Barclays Bank plc (trading as Barclays Global Payment Acceptance) v Registrar of Companies and others  EWHC 2806 (Ch)
The Chancery Division was asked to consider whether the former administrator of a company (Ms Sharma)—which was subsequently dissolved—was entitled to challenge the making of a restoration order made on the application of one of the company's creditors, who wished to obtain a winding-up order so that a liquidator could investigate payments made by the company prior to it entering into administration. A further question was whether the court could and should backdate the presentation of the winding-up petition to the date on which the company entered into administration.
On the facts of the case, it was held that Ms Sharma was entitled to challenge the making of the restoration order, but that her challenge would be unsuccessful. Further, a winding-up order was made, but would not be backdated.
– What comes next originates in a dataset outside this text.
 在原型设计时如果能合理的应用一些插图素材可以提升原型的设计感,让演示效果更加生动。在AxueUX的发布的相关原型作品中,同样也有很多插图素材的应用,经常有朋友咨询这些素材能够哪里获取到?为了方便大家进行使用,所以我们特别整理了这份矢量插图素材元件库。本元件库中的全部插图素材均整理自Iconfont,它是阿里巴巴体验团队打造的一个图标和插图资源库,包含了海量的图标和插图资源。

Client Connection Ltd (the company) was put into administration on 9 October 2012. The administrator (Ms Sharma) immediately effected a ‘pre-pack’ sale of the company’s claims book, resulting in a low return. Only 3.6 hours were spent by Ms Sharma investigating the company’s affairs. No details of the investigation or its outcome were disclosed to creditors. Ms Sharma then moved for a dissolution of the company, which occurred three months later. No liquidation ever took place.
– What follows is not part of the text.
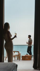Dieses geräumige Doppelzimmer ist klimatisiert und verfügt über schallisolierte Wände, einen Balkon mit Meerblick sowie ein eigenes Bad mit einer Dusche. In dieser Wohneinheit befindet sich 1 Bett.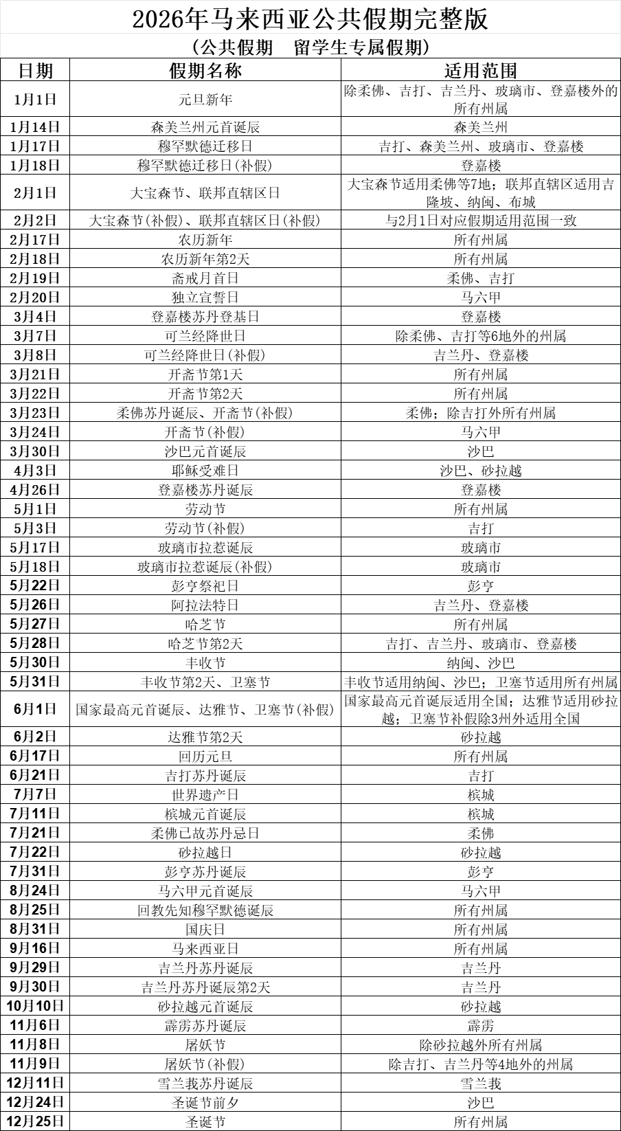 2026年马来西亚公共假期完整版

In the meantime, Barclays Bank plc, a major creditor, had discovered that large sums of money had been paid out of the company which might be clawed back. It petitioned for the company to be restored to the register of companies and for its immediate winding-up, in order that a liquidator could be appointed to pursue clawback claims and a possible claim against Ms Sharma. A district judge ordered restoration. Ms Sharma applied to have the restoration order set aside to pre-empt the possibility of a liquidator’s claim against her.
Mr Justice Norris had to decide:
Ms Sharma’s standing
Ms Sharma argued that she had standing to ask the court to set aside the restoration order because a purpose behind Barclays’ petition was to pursue a possible claim against her.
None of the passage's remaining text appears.